The rational function for v in terms of u is a Padé approximation to the solution of v exp(v) = u; this approximation may be sufficiently accurate unless T is over 650 F.

netphilou31 · ‎02-27-2022

Hi mecej4,

Thanks for the trick. That could be of interest for other procedures (and I will try to keep this in mind) but in mi case it's likely that temperatures end above 650°C very often, so I prefer to keep the NR method which converges very quickly in a few iterations. Furthermore, this procedure is only used before or after more complex calculations and is not part of a more complex algorithm.

Best regards,

mecej4 · ‎02-25-2022

This boils down to an error in the calculations done by the compiler (not the client program). Without /fpconstant, the relevant line in the assembler file (which can be produced using the option /Fa) is:

2il0floatpacket.4	DD	08aeac850H,0c00d3bceH

whereas, with /fpconstant, the two dword constants are both zero.

That constant, 0c00d3bce8aeac850H = -3.565... is the value of the constant A = -1.587D0*log(10.D0) in the program.

JohnNichols · ‎02-25-2022

I do not use switches unless the compiler complains about something, most often it is the heap size or the stack size. And then I rely on this forum as a check. It happens once every few years.

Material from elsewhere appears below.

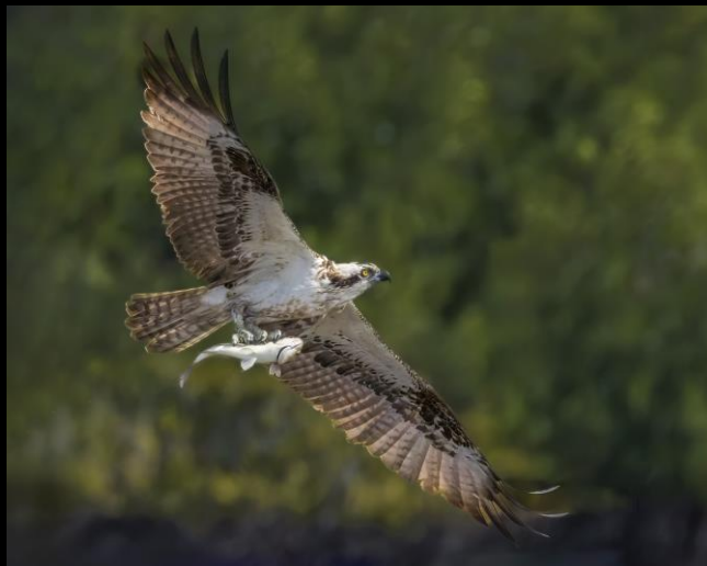
Doug Myers Osprey with Catch 1 st Place, GOLD 85.7 points

I almost always use debug mode as luckily I only share with a small group and I am constantly amazed when @mecej4 trots out all of these switches and I shake my head and ask myself I wonder what they do.

ASTM 68 is a fuel code doing some math calcs, I am not going to pay 100 for it or thereabouts, so what was the problem equation do in the code, I understand the math?

I swear Steve speaks a special version of Klingon only a few people understand.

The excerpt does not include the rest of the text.